Eight years after bringing down the curtain on the storied career of Bombay’s Inspector Ghote (Breaking and Entering, 2001, etc.), Keating raises it once more for a prequel.
Hours after learning on March 15, 1960, of his promotion from Assistant Inspector to the dizzying heights of the Detection of Crime Branch, Ganesh Ghote is snatched from the side of his loyal wife Protima, pregnant with their first child, whom he’d planned to take to a screening of the Laurence Olivier Hamlet. The Bombay police commissioner is troubled by a letter from his former friend Robert Dawkins, a retired civil engineer expressing bewilderment that his pregnant wife Iris should have committed suicide. Protima will not only miss Hamlet but will be deprived of her husband’s support while he’s off in Mahableshwar condoling with the irascible widower; asking questions of his closemouthed servants; and fencing with Inspector Pathan Barrani, whose nickname when he was Ghote’s schoolfellow was Bullybhoy. Most readers will be well ahead of Ghote in identifying the motive for Iris’s death.

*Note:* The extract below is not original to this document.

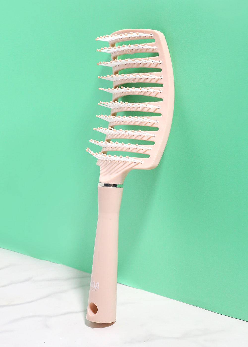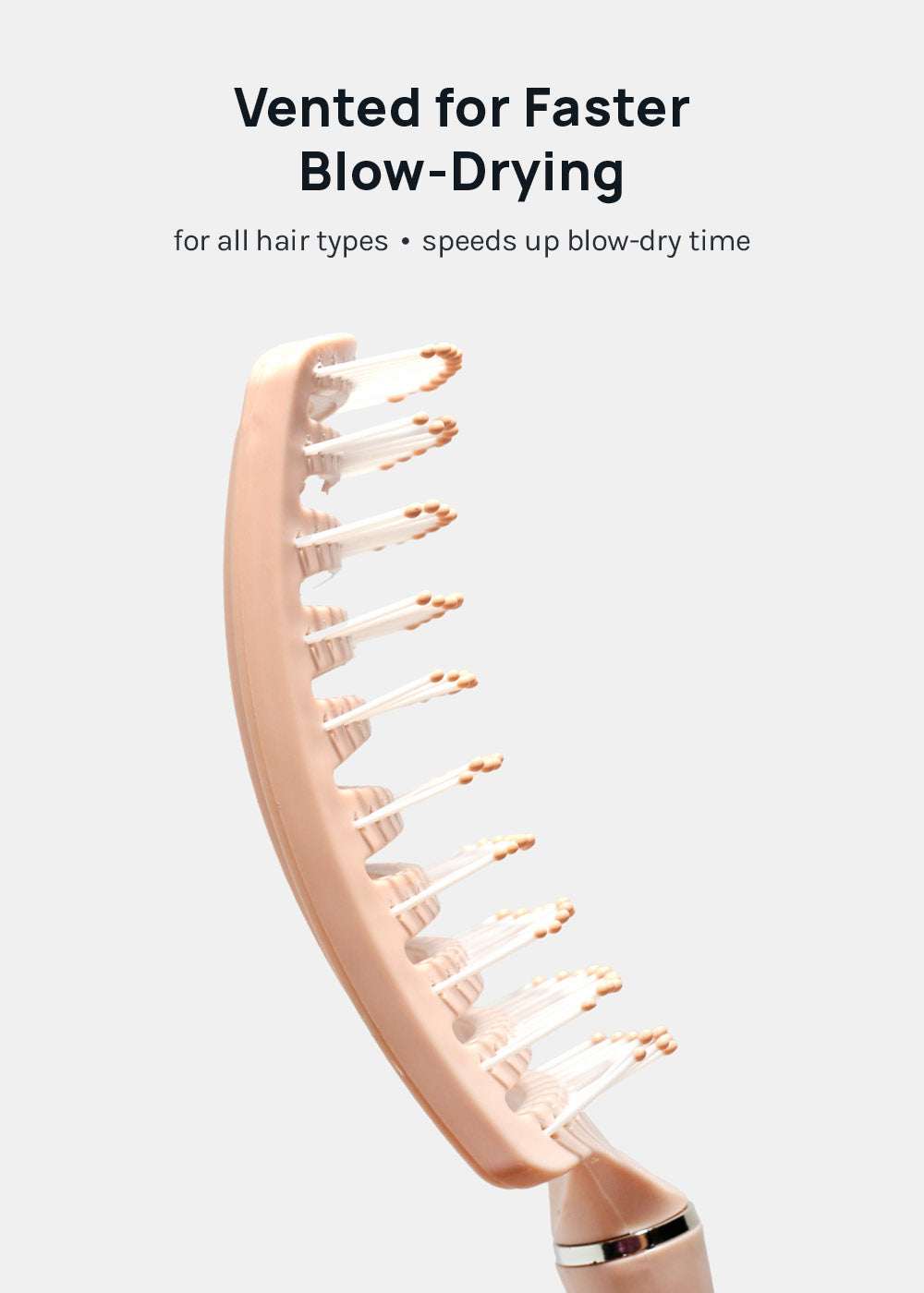 The AOA Curved Vented Brush is your new blow-dry best friend! Designed with wide-set, flexible bristles + a curved vented head, this pro-level styling brush grips more hair at once, cutting your drying time while boosting volume. The vented design allows maximum airflow for faster blow-drying, while the contoured shape lifts flat hair at the roots for natural bounce + body.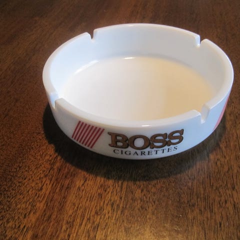 Hyväkuntoinen, kynäpurkkina toimistossa ollut The Boss-muki, musta, korkeus 9,5 cm. Ikä n. 20 v.

But few of them will match him for sensitivity, kindness, consideration and simple humanity as his attentiveness to echoes of Hamlet leads him to the mystery’s solution.
“Why, oh why, is it hard so often to decide what to do?” laments Ghote once he’s in possession of the facts. Despite Protima’s complaints, his indecision stems only from a delicacy that was evidently in full flower during his very first case.